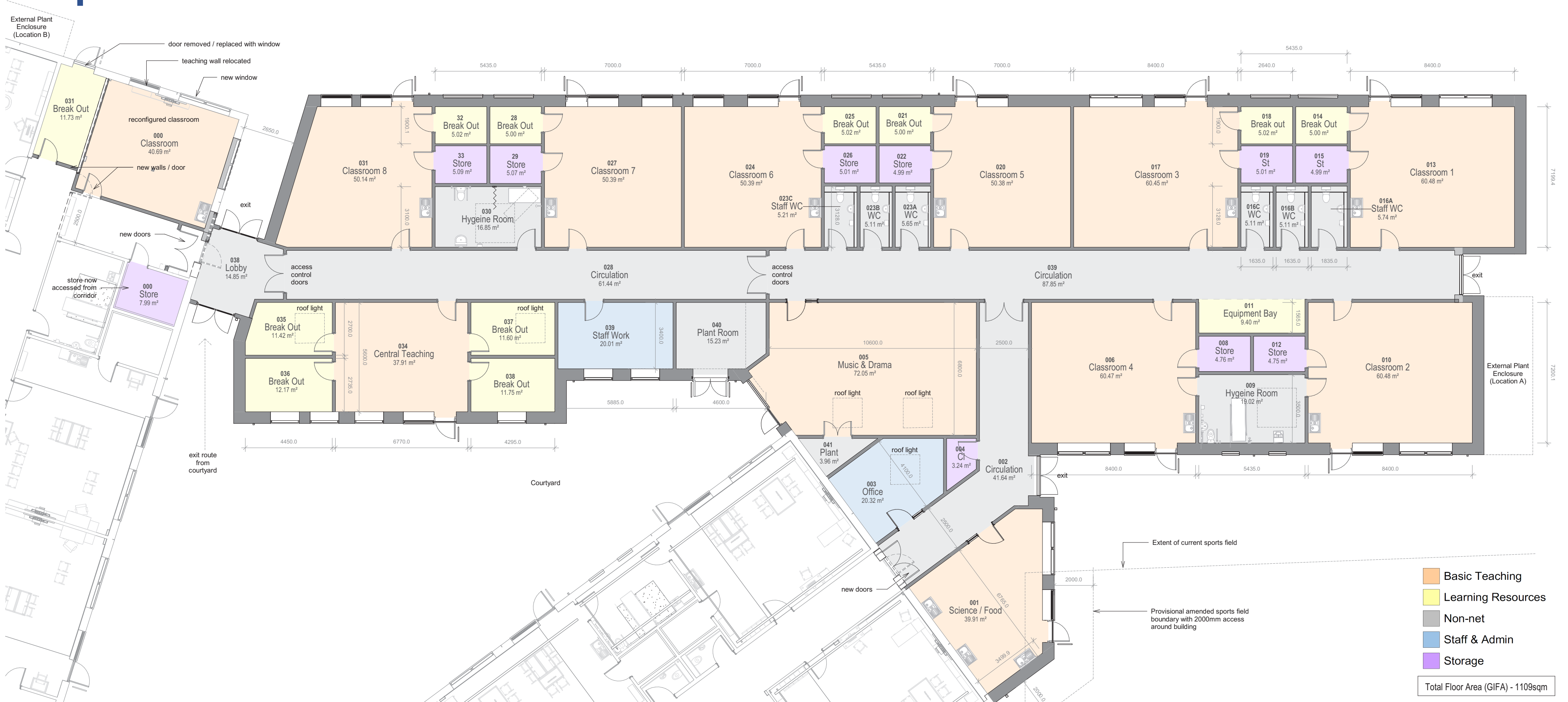
Proposed Ground Floor Plan (Not to Scale)
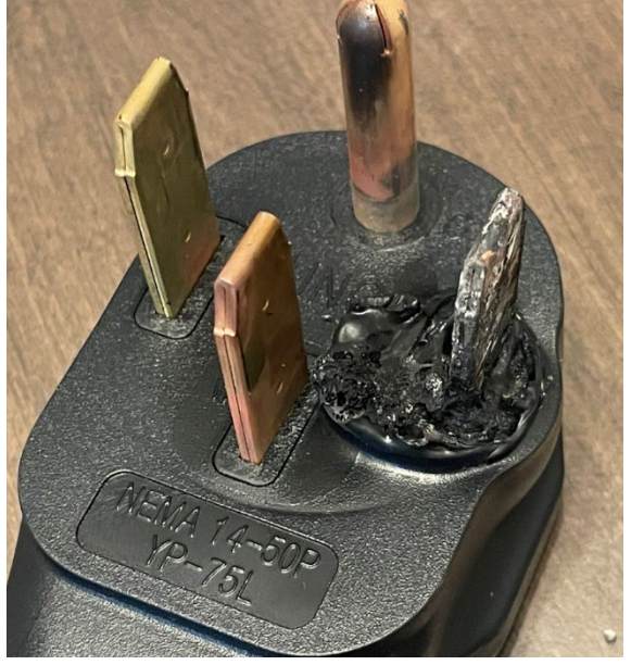
34. Defendants were aware of concerns about the PMC+ and PMCC overheating since at least August 19, 2022, when they circulated a service bulletin to their authorized technicians explaining the problem.<sup>29</sup> Over the next month, Defendants updated the bulletin several times, with the most recent iteration containing technical information published September 21, 2022.<sup>30</sup>
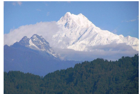
Kangchenjunga Viewed from Gangtok
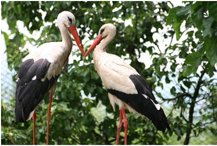
White Stork (Ciconia ciconia)

The electrical poles of the NRIC’s catenary are often a preferred place by the white storks, for building their nests.
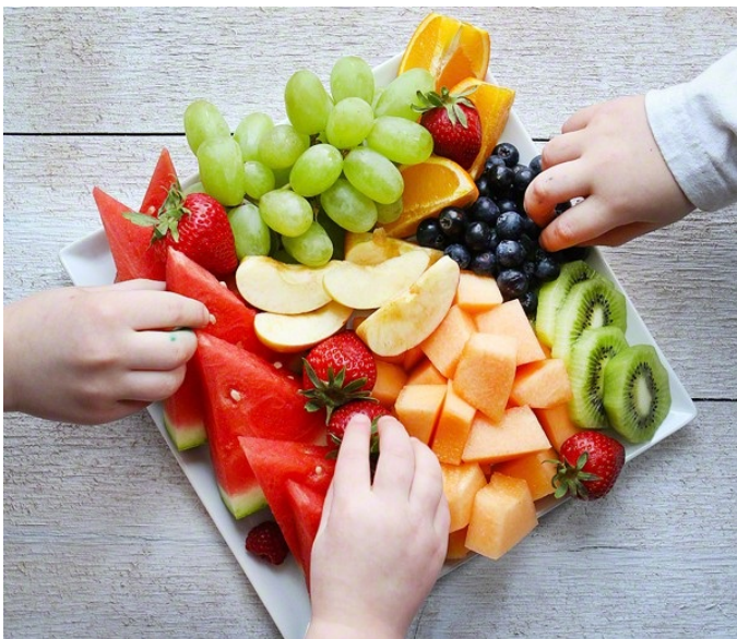
People are looking for year-around larger variety and healthy food.

Fortunately, a large part of the world's population has become more resourceful and is looking for healthier food. This includes most of Europe, USA, and Japan, but that trend is also true and growing (very) fast in Asia and Africa.
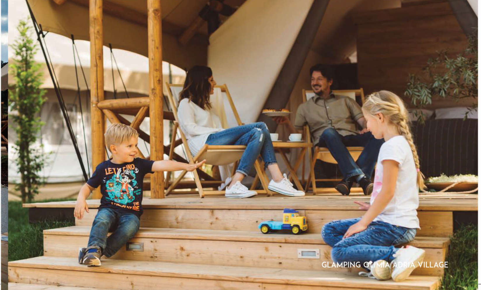
GLAMPING OLIMIA ADRIA VILLAGE
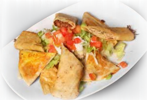
• • SAMPLE PLATTER
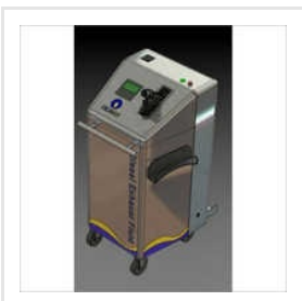
Portable Diesel Exhaust Fuel Dispenser
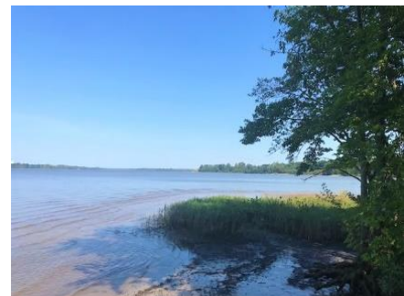
Hopewell, Virginia, where the Appomattox River meets the James River
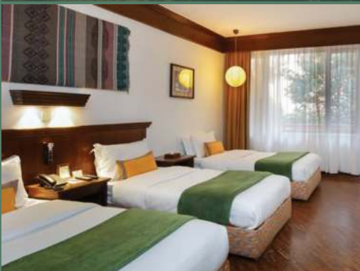
@ Club Himalaya Resort Room
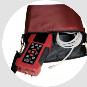
Convenient nylon bag
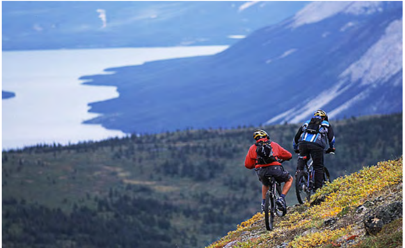
Exploring Silver Rush Trails on Montana Mountain, near Carcross, Yukon Territory
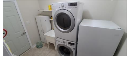
Pic. 24: Laundry
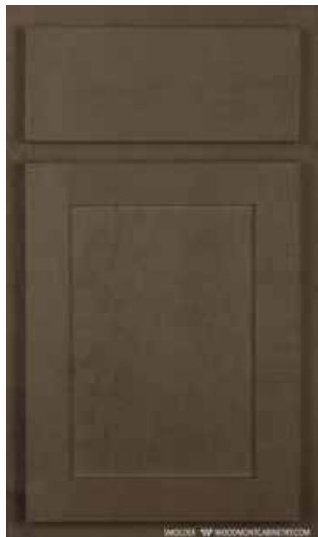
CABINETS - KITCHEN & BATH

200 KILBURN WILSON, NJ 07095 201-947-4400
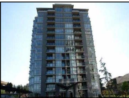
Coquitlam West $294,000 1 Bdrm & Den, Southwest View
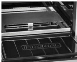
Splatter screen protects the element from spills.
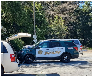
April 27th K-9 Training Session
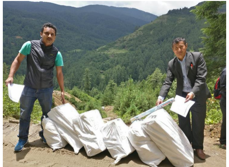
Teaching materials handed over to Junbesi Secondary School, Junbesi.
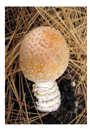
This specimen of Amanita muscaria var formosana this was collected in Piscataway, on the Busch campus of Rutgers University.
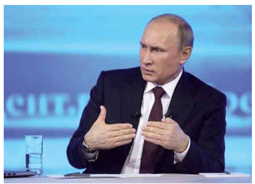
Presidential Press and Information Office
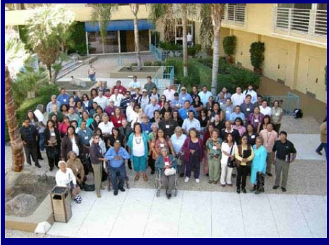
NATHPOs, hosted by the Agua Caliente Band of Cahuilla Indians, at Agua Caliente, October, 2007

allotments, and leasing contracts. By 1900, the Indian Agent had, in effect, become the tribal government.
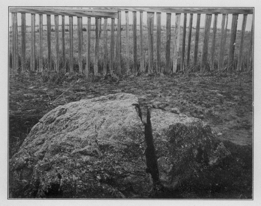
Fig. 2 SCENES OF CHILULA MYTHOLOGY
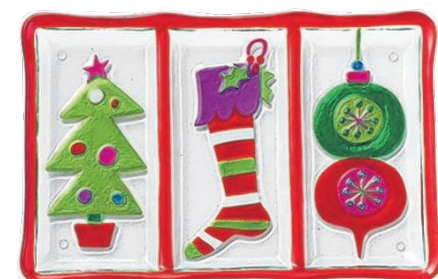
HOLIDAY ART • Fusion art glass plates for the holidays can be a beautiful piece of art or the perfect way to pass the appetizers ($38.99) at Terra, 11769 Manchester Road.
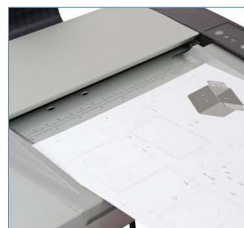
Support your documents with paper feed guides

#####

### EXERCISE DESCRIPTION
Using the data above, retype exactly and only the lines from the one containing "Exploring Silver Rush" up to and including the one containing "April 27th K-9 Training Session", with no pictures carried over.

### RESPONSE TO THE EXERCISE
Exploring Silver Rush Trails on Montana Mountain, near Carcross, Yukon Territory
Pic. 24: Laundry
CABINETS - KITCHEN & BATH

200 KILBURN WILSON, NJ 07095 201-947-4400
Coquitlam West $294,000 1 Bdrm & Den, Southwest View
Splatter screen protects the element from spills.
April 27th K-9 Training Session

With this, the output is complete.